Es como si cada juego fuera un pequeño manual de instrucciones para la convivencia en sociedad. Una vez, presencié un juego de persecución donde el objetivo no era solo correr, sino también proteger al más pequeño del grupo, asegurándose de que nadie se quedara atrás.

Esa imagen se me quedó grabada, porque encapsula la esencia de la comunidad maliense: cuidarse unos a otros. Estos juegos inculcan un sentido de pertenencia y de responsabilidad colectiva que, desde mi perspectiva, es algo que en el mundo moderno a veces pasamos por alto.
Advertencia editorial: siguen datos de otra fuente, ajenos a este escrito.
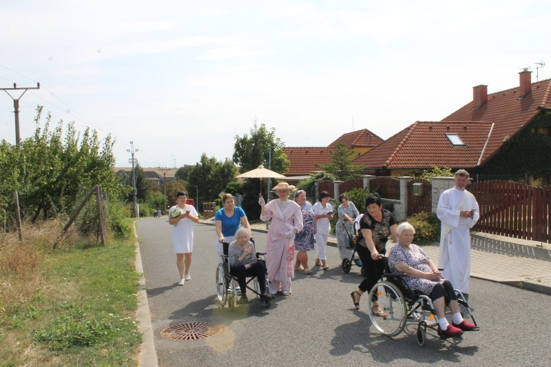 Svátek narození Panny Marie, který připadá na začátek září jsme oslavili s našimi klienty již tradiční Mariánskou poutí. Zahájena byla procesím k Mariánskému sloupu nad naším domovem a pokračovala společnou bohoslužbou slova, kterou sloužil  kaplan pan Pavel Franta. A jako při každé správné pouti nesměla chybět ani tradiční pouťová zábava. Naši klienti si mohli vyzkoušet střelbu ze vzduchovky na terč, ochutnat cukrovou vatu. Měli možnost zakoupení si domácích  produktů jako např. pečené čaje, med, pouťové perníky. Své výrobky nám nabízela Chráněná dílna Lidumila, Karmelitánské knihkupectví z Velehradu, paní Struhová přinesla výrobky z bylinek a přírodní kosmetiku. K tomu všemu jsme si dopřáli výborné grilované pochoutky a na harmoniku nám zahrál pan Zdeněk Jakša  z Osvětiman. Všem ze srdce děkujeme.
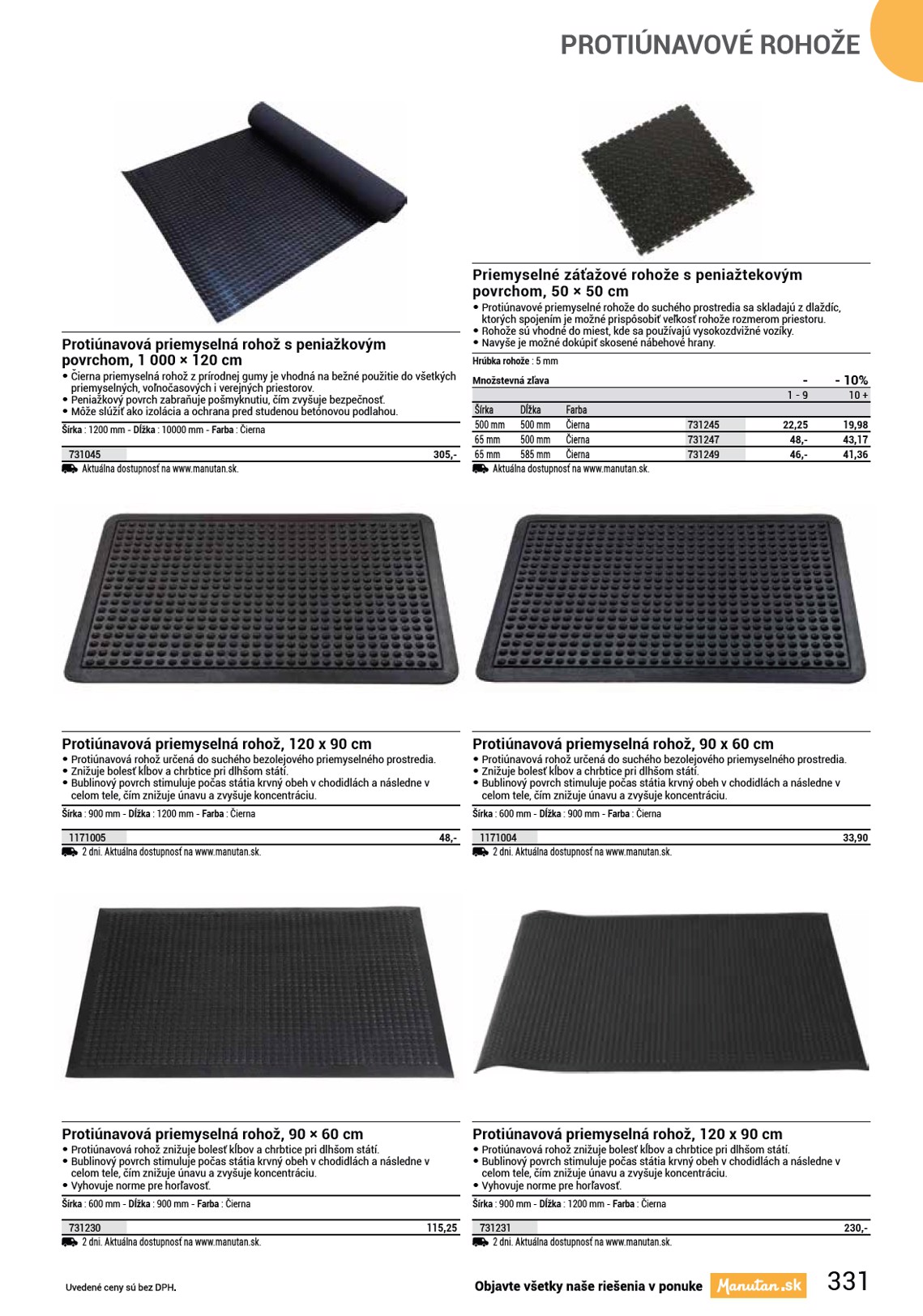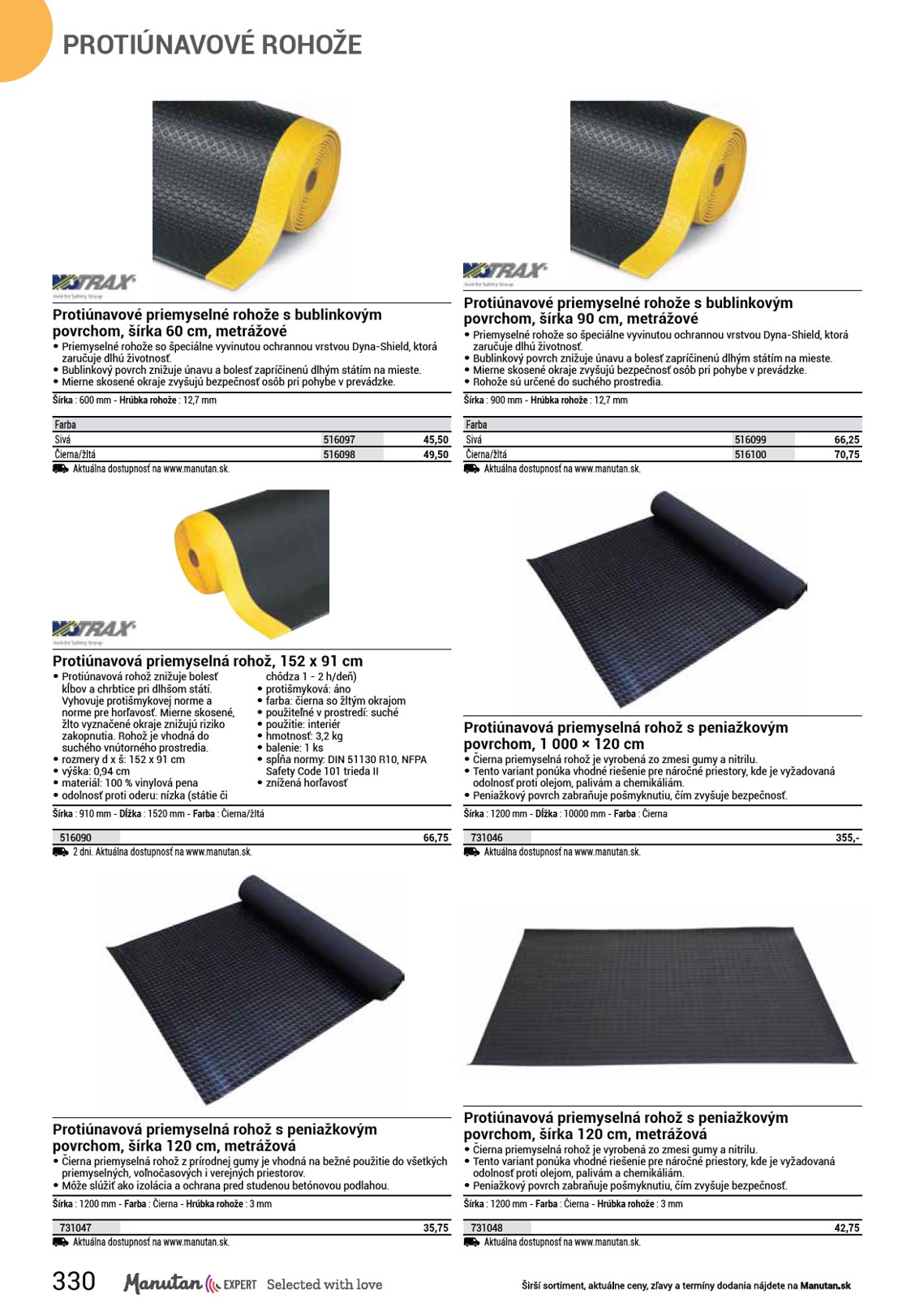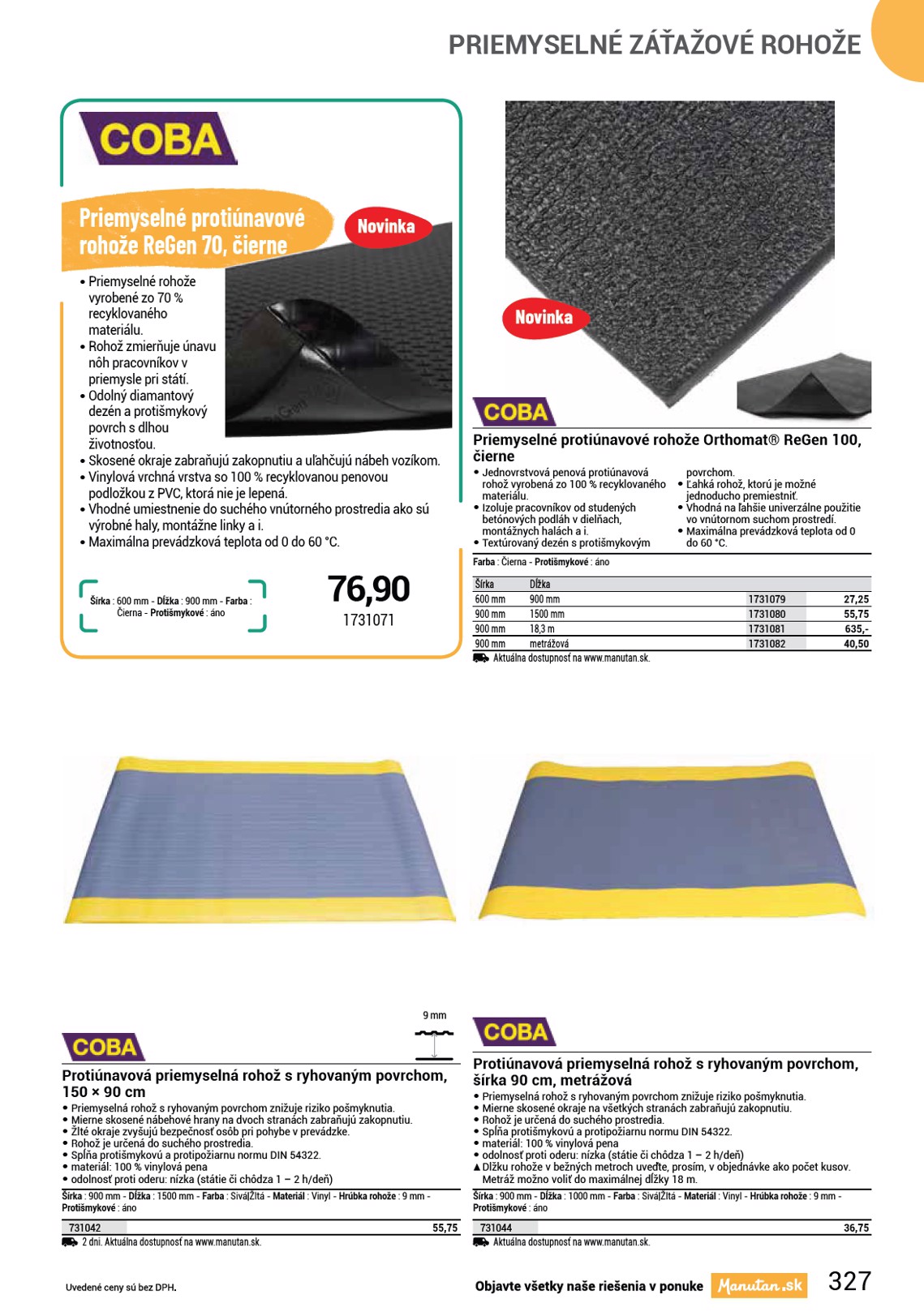 PRIEMYSELNÉ ZÁŤAŽOVÉ ROHOŽE Priemyselné protiúnavové rohože ReGen 70, čierne • Priemyselné rohože vyrobené zo 70 % recyklovaného materiálu. • Rohož zmierňuje únavu nôh pracovníkov v priemysle pri státí. • Odolný diamantový dezén a protišmykový povrch s dlhou životnosťou. • Skosené okraje zabraňujú zakopnutiu a uľahčujú nábeh vozíkom. • Vinylová vrchná vrstva so 100 % recyklovanou penovou podložkou z PVC, ktorá nie je lepená. • Vhodné umiestnenie do suchého vnútorného prostredia ako sú výrobné haly, montážne linky a i. • Maximálna prevádzková teplota od 0 do 60 °C. Šírka : 600 mm - Dĺžka : 900 mm - Farba : Čierna - Protišmykové : áno 76,90 1731071 Priemyselné protiúnavové rohože Orthomat® ReGen 100, čierne • Jednovrstvová penová protiúnavová povrchom. rohož vyrobená zo 100 % recyklovaného • Ľahká rohož, ktorú je možné materiálu. jednoducho premiestniť. • Izoluje pracovníkov od studených • Vhodná na ľahšie univerzálne použitie betónových podláh v dielňach, vo vnútornom suchom prostredí. montážnych halách a i. • Maximálna prevádzková teplota od 0 • Textúrovaný dezén s protišmykovým do 60 °C. Farba : Čierna - Protišmykové : áno Šírka Dĺžka 600 mm 900 mm 900 mm 1500 mm 900 mm 18,3 m 900 mm metrážová Aktuálna dostupnosť na www.manutan.sk. 1731079 1731080 1731081 1731082 27,25 55,75 635,- 40,50 9 mm Protiúnavová priemyselná rohož s ryhovaným povrchom, 150 × 90 cm • Priemyselná rohož s ryhovaným povrchom znižuje riziko pošmyknutia. • Mierne skosené nábehové hrany na dvoch stranách zabraňujú zakopnutiu. • Žlté okraje zvyšujú bezpečnosť osôb pri pohybe v prevádzke. • Rohož je určená do suchého prostredia. • Spĺňa protišmykovú a protipožiarnu normu DIN 54322. • materiál: 100 % vinylová pena • odolnosť proti oderu: nízka (státie či chôdza 1 – 2 h/deň) Šírka : 900 mm - Dĺžka : 1500 mm - Farba : Sivá|Žltá - Materiál : Vinyl - Hrúbka rohože : 9 mm - Protišmykové : áno 731042 2 dni. Aktuálna dostupnosť na www.manutan.sk. 55,75 Protiúnavová priemyselná rohož s ryhovaným povrchom, šírka 90 cm, metrážová • Priemyselná rohož s ryhovaným povrchom znižuje riziko pošmyknutia. • Mierne skosené okraje na všetkých stranách zabraňujú zakopnutiu. • Rohož je určená do suchého prostredia. • Spĺňa protišmykovú a protipožiarnu normu DIN 54322. • materiál: 100 % vinylová pena • odolnosť proti oderu: nízka (státie či chôdza 1 – 2 h/deň) SS Dlžku rohože v bežných metroch uveďte, prosím, v objednávke ako počet kusov. Metráž možno voliť do maximálnej dĺžky 18 m. Šírka : 900 mm - Dĺžka : 1000 mm - Farba : Sivá|Žltá - Materiál : Vinyl - Hrúbka rohože : 9 mm - Protišmykové : áno 731044 Aktuálna dostupnosť na www.manutan.sk. 36,75 327

Me parece crucial que se fomente esta interacción social tan profunda, pues construye el tejido de una sociedad fuerte y unida.

Aprender jugando: la escuela al aire libre

La educación en Malí no se limita a las aulas; gran parte de ella ocurre en el patio, bajo un árbol o en la plaza del pueblo a través de los juegos. Aquí, los niños no solo desarrollan su motricidad gruesa y fina, sino que también ejercitan su mente, su memoria y su capacidad de anticipación.

Juegos como el “Wali” o incluso los simples acertijos orales les exigen pensar con rapidez y lógica, habilidades que son vitales para cualquier aprendizaje formal.

Es un método pedagógico orgánico, donde el error no es castigado, sino parte del proceso de descubrimiento. He notado cómo la naturaleza espontánea de estos juegos permite que cada niño aprenda a su propio ritmo, fomentando una curiosidad innata que es el motor de todo conocimiento.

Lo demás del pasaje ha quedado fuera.